_Exercise brief_:
The needed output is the run of lines below from the one containing "Проект одноэтажного дома одноэтажный 90 м2" through the one containing "广东省清远市2023-2024学年高二上学期期末教学质量检测历史+答案", copied exactly and free of pictures.

_Data section_:
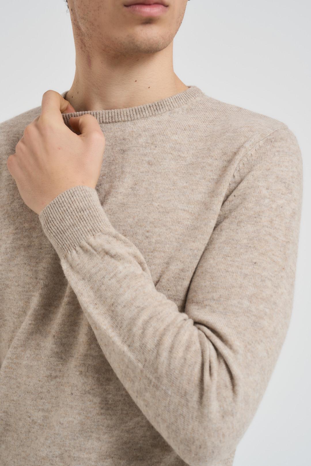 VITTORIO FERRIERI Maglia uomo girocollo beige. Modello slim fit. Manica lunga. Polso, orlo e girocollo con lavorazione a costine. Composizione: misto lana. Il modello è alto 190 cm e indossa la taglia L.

...

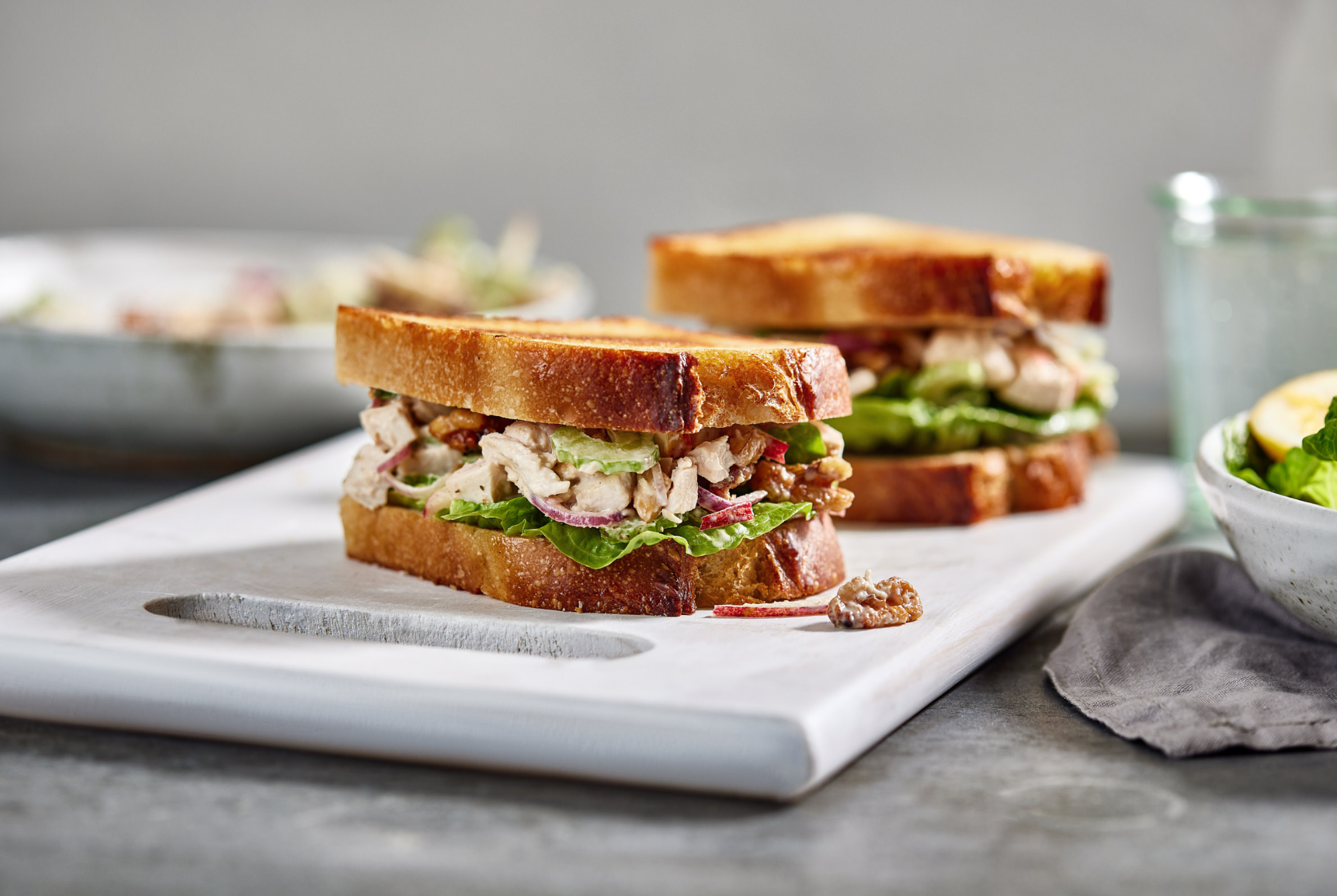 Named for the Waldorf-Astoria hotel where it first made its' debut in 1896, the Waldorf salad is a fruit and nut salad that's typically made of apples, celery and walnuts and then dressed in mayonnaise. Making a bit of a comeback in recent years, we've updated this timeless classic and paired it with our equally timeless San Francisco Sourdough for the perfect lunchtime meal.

--

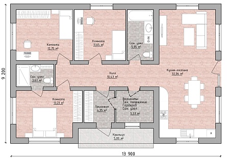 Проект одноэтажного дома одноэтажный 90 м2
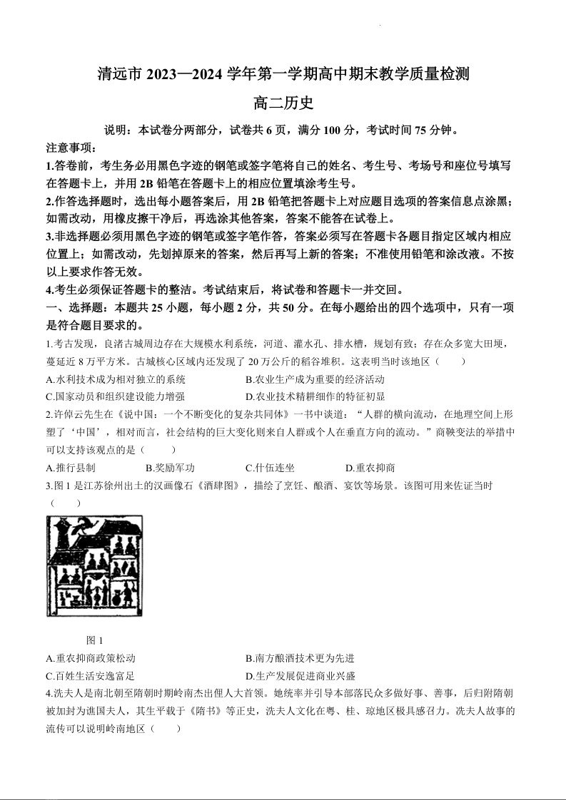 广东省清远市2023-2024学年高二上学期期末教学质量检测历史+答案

_Solution to the exercise_:
 Проект одноэтажного дома одноэтажный 90 м2
 广东省清远市2023-2024学年高二上学期期末教学质量检测历史+答案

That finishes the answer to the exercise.